The logic of artistic construction and esthetic appreciation is peculiarly significant because they exemplify in accentuated and purified form the control of selection of detail and of mode of relation, or integration, by a qualitative whole. The underlying quality demands certain distinctions, and the degree in which the demand is met confers upon the work of art that necessary or inevitable character which is its mark. Formal necessities, such as can be made explicit, depend upon the material necessity imposed by the pervasive and underlying quality. Artistic thought is not however unique in this respect but only shows an intensification of a characteristic of all thought. In a looser way, it is a characteristic of all nontechnical, non-"scientific" thought. Scientific thought is, in its turn, a specialized form of art, with its own qualitative control. The more formal and mathematical science becomes, the more it is controlled by sensitiveness to a special kind of qualitative considerations. Failure to realize the qualitative and artistic nature of formal scientific construction is due to two causes. One is conventional, the habit of associating art and esthetic appreciation with a few popularly recognized forms.

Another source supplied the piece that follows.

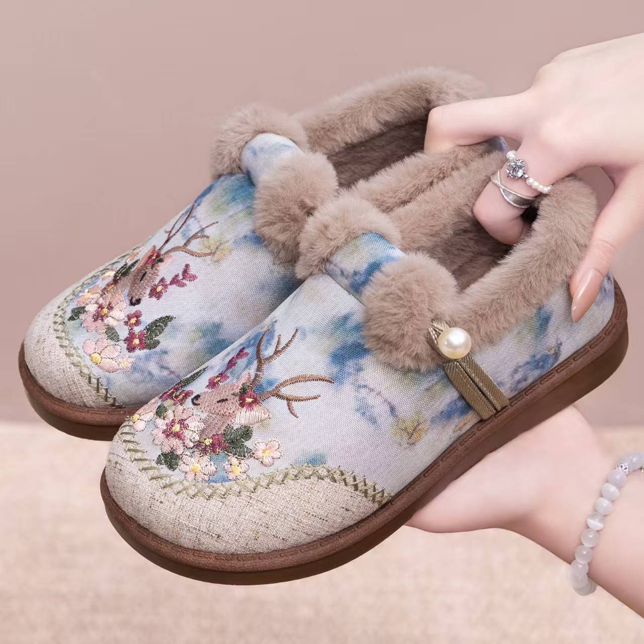 意迪森【一鹿生花】意迪森加绒老北京布鞋厚底棉鞋加宽舒适防滑软

The other cause is the fact that a student is so concerned with the mastery of symbolic or prepositional forms that he fails to recognize and to repeat the creative operations involved in their construction. Or, when they are mastered, he is more concerned with their further application than with realization of their intrinsic intellectual meaning.
— John Dewey
8.
My difficulty is only an — enormous — difficulty of expression.
— Wittgenstein
9.
Somebody go fetch me a preacher
So I can buy the rights...
I wanna love you!
— The Mighty Hannibal
10.
I’ve been dancing so long, I don't know. Maybe. I don't know, I’m not against the idea. Again, it’s like these guys in the play entering middle age. You say, well, what stopped me from this, and was it the other person, or was it in me? And I don’t have the full answer for that. I was never really settled in being an actor, what I wanted to really do in my mind was think, Okay, let me settle that first because then I’ll do this. Because if you get married and have kids you should shovel shit for them, you really should. When I was 25 or 35, "shoveling shit" in my parlance would mean doing really crappy movies, intentionally making crappy movies I didn't want to do. I mean, I had some that came out crappy, but it was never the ideal.
— Jason Patric
11.
We're going to turn this team around 360 degrees.
— Jason Kidd
12.
Sometimes it’s unfair, because of how strong I am.
— LeBron James
13.
The palm at the end of the mind,
Beyond the last thought, rises
In the bronze distance.
A gold-feathered bird
Sings in the palm, without human meaning,
Without human feeling, a foreign song.
You know then that it is not the reason
That makes us happy or unhappy.
The bird sings. Its feathers shine.
The palm stands on the edge of space.
The wind moves slowly in the branches.
The bird’s fire-fangled feathers dangle down.
— Wallace Stevens
14.
The bowl that emerged was one of those gifts whose first impact produces in the recipient's mind a colored image, a blazoned blur, reflecting with such emblematic force the sweet nature of the donor that the tangible attributes of the thing are dissolved, as it were, in this pure inner blaze, but suddenly and forever leap into brilliant being when praised by an outsider to whom the true glory of the object is unknown.
— Vladimir Nabokov
15.
Forgiving is never as easy as we would like. Apparently quite a lot of people cried.